* YOUR INSTRUCTIONS
Give back an exact copy of the lines in the records below, from the line that has "Ce Kilim Patchwork" through the line that has "Молодая красивая женщина в наушниках", and nothing besides.

* MATERIAL SUPPLIED
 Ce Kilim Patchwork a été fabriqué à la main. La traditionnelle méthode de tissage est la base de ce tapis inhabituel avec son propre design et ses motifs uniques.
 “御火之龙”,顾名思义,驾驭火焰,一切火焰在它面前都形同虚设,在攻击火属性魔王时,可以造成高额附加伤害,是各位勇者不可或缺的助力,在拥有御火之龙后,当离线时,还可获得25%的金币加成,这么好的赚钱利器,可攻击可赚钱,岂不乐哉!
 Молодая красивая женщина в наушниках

==

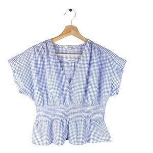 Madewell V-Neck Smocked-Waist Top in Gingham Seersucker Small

---

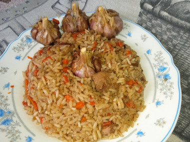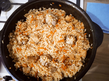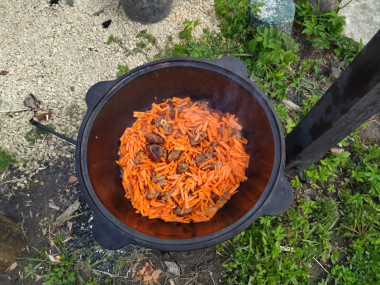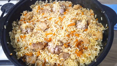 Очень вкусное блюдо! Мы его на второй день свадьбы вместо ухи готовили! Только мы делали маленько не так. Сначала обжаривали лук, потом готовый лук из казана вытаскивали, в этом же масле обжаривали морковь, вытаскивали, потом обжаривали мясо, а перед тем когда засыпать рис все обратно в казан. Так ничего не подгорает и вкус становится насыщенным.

* RESULT OF THE TASK
 Ce Kilim Patchwork a été fabriqué à la main. La traditionnelle méthode de tissage est la base de ce tapis inhabituel avec son propre design et ses motifs uniques.
 “御火之龙”,顾名思义,驾驭火焰,一切火焰在它面前都形同虚设,在攻击火属性魔王时,可以造成高额附加伤害,是各位勇者不可或缺的助力,在拥有御火之龙后,当离线时,还可获得25%的金币加成,这么好的赚钱利器,可攻击可赚钱,岂不乐哉!
 Молодая красивая женщина в наушниках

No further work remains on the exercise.